Una bandera de combate
Toda identidad, y la vasca no podía serlo menos, es siempre una bandera de combate, mucho de fronterizo y de discriminador y exclusivizante del invasor extranjero. Artificial, como cualquier otra identidad colectiva, es una representación seria de un colectivo social, como bien señalaba Durkheim de la religión, y no puede ser tenida por una patraña, como gustan de considerarla no pocos pensadores sesgados de historicismo profesional. La identidad vasca, falta de formas y de protocolos palaciegos y de las exquisiteces del encanto de la burguesía, se caracteriza por una enfatización de la rudeza y por un simplismo de la formulación de este carácter aduanero y fronterizo común a toda identidad colectiva. A su peso social colectivo se suma la contundencia de su rudeza histórica, fruto indirecto probablemente de que, como sostiene Walter Connor, los nacionalismos son siempre fruto de la masas y no de las élites.Pero lo que exhibe de firmeza y de contundencia la identidad vasca lo padece de claridad de modelo, de nitidez de fronteras y de base de legitimidad social histórica. Nadie es capaz de fijar los términos geográfico-sociales de lo que constituye la base social de esta identidad, así como nadie es capaz de fijar el texto histórico en cuya lectura los vascos (y los no vascos) puedan encontrar la génesis de su personalidad común. La identidad colectiva vasca, en efecto, es una bandera artificial y belicosa que suma a su rudeza la sacralización de una totemización de la historia. La irrelevancia histórica de sus tótemes, lejos de debilitarla, como también apuntó Durkheim, corrobora la existencia creadora de su cuerpo social.
Recurrir para su legitimación a la historia es perderse en un desierto de espejismos, apelar al euskera es exiliar a más de dos terceras partes de su población actual, reclamar la hidalguía del apellido es olvidar que los apellidos de más larga tradición vasca son los de los López, García Ruiz, Mendoza, Guevara o similares, aferrarse al jus loci es desconocer que más del 70% de la población actual procede de abuelos que no son vascos y, finalmente, buscar el estribo en la etnia, la religión o la raza equivale a cambiar el solar por el palo del gallinero.
La identidad vasca no proviene, y éste es un error muy común entre nosotros, del quehacer mistificador de Sabino Arana ni puede ser dibujada con precisión en un mapa territorial, de ahí su ambigüedad y confusionismo. En la identidad vasca actual ha dejado de tener carácter definitorio el lugar de nacimiento. En otras palabras, es rechazada la exclusión como vasco a aquel que haya nacido fuera de las fronteras administrativas (que tampoco existen) de Euskal Herria.
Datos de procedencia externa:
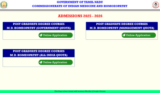 Admission Notice for Post Graduate Degree Courses in M.D. Homeopathy,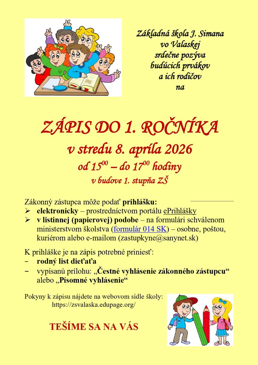 ZŠ J. Simana Valaská pozýva budúcich prvákov a ich rodičov na zápis do 1. ročníka, ktorý sa bude konať dňa 8. apríla 2026 od 15.00 do 17.00 hod v budove 1. stupňa.Zverejnené 16.3.2026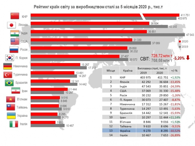 Україна (8,30 млн т або 89,5% відносно січня-травня 2019 р.) обіймає 13-те місце серед 62 країн-виробників сталі.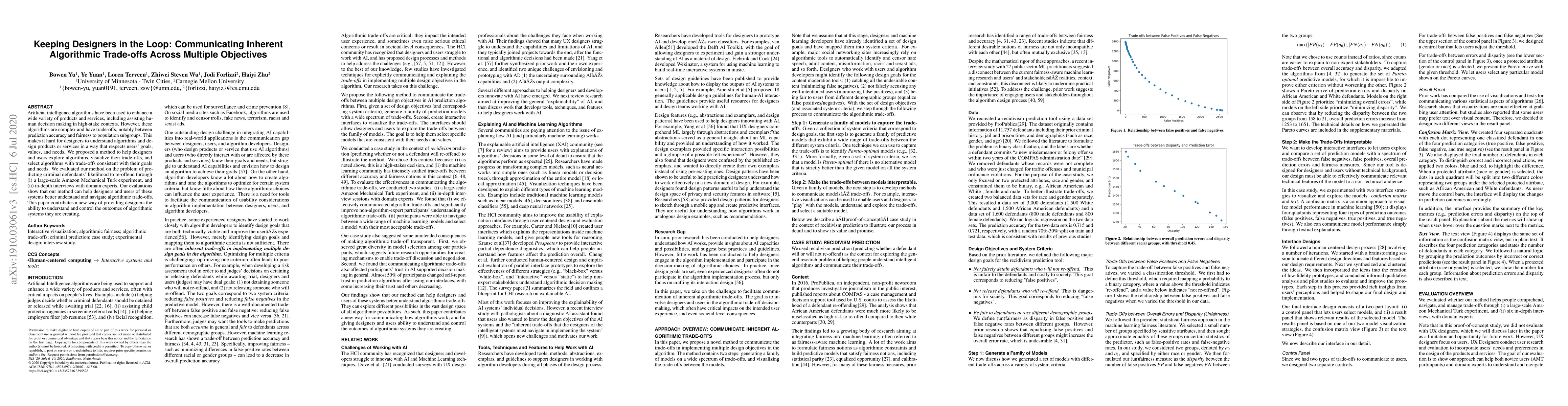 Artificial intelligence algorithms have been used to enhance a wide variety of products and services, including assisting human decision making in high-stakes contexts. However, these algorithms are complex and have trade-offs, notably between prediction accuracy and fairness to population subgroups. This makes it hard for designers to understand algorithms and design products or services in a way that respects users' goals, values, and needs. We proposed a method to help designers and users explore algorithms, visualize their trade-offs, and select algorithms with trade-offs consistent with their goals and needs. We evaluated our method on the problem of predicting criminal defendants' likelihood to re-offend through (i) a large-scale Amazon Mechanical Turk experiment, and (ii) in-depth interviews with domain experts. Our evaluations show that our method can help designers and users of these systems better understand and navigate algorithmic trade-offs. This paper contributes a new way of providing designers the ability to understand and control the outcomes of algorithmic systems they are creating.

En este sentido, la identidad vasca tiene algo del orgullo, al mismo tiempo que del estigma, del judío que transporta consigo mismo su responsabilidad identificadora. Tampoco sirve como criterio el del jus sanguinis que por herencia genética permita legitimar la pertenencia al nosotros vasco. La identidad vasca reconoce estos dos criterios como facilitadores de pertenencia, pero no como carnets de exclusión. Si así fuera, más del 40% de la población de la comunidad autónoma vasca actual dejaría de pertenecer a ese nosotros tan potencialmente beligerante cuanto fronterizamente borroso. Al jus loci y aljus sanguinis, desde hace una veintena de años, los definidores del ser vasco, desde los líderes políticos a los sociales, desde los estrictamente culturales a los puramente administrativos, vienen reconociendo el jus laboris, es decir, que todo aquel que trabaja entre vascos es aceptado como miembro del colectivo y como sujeto de pleno derecho de la identidad colectiva de los vascos. Este nuevo código del jus laboris se acepta como integrante de la comunión vasca a quien "aquí trabaja y aquí ama su trabajo". Este nuevo código ha surgido de la necesidad que imponía el hecho de que, en el comienzo de la democracia, en la década de los setenta, la mayoría de los residentes adultos del País Vasco había nacido fuera del país, y, por consiguiente, en base al fuero del jus loci, debían ser computados como extranjero y ha conseguido, en su amplitud y vaguedad, una practicidad de convivencia que sólo ha sido posible mediante esta benevolencia compartida de todas las identidades colectivas en litigio, en un país en el que un gran sector de los que se creían dueños de tal derecho pretendía imponerlo a punta de lucha armada y de frontera estatalizante.
El código del jus laboris ha logrado desarrollar una identidad amalgama que va desde la identidad de linaje (que presume de apellidos, pero no de combatividad política) a la identidad belicista del reclamo del rango estatalizante independentista, pasando por la identidad romanticista de la identificación con el folclor y el paisaje o la identidad pragmática del inmigrante saltamontes, contento, pero siempre dispuesto al salto de retorno a su lugar de origen.
La identidad vasca es una identidad amalgama que hoy, como siempre, sigue siendo artificial y ambigua, indefinida e indocumentada, pero posee, como contrapartida, una memoria histórica colectiva formidable, un reclamo magnético irresistible, una capacidad de esponja insaciable, una ambición sin límites y unas amenazas, potenciales, por qué no reconocerlo, de combatividad y de agresividad que o son pronto satisfechas o volverán a repetir el ciclo histórico de su embrionaria violencia.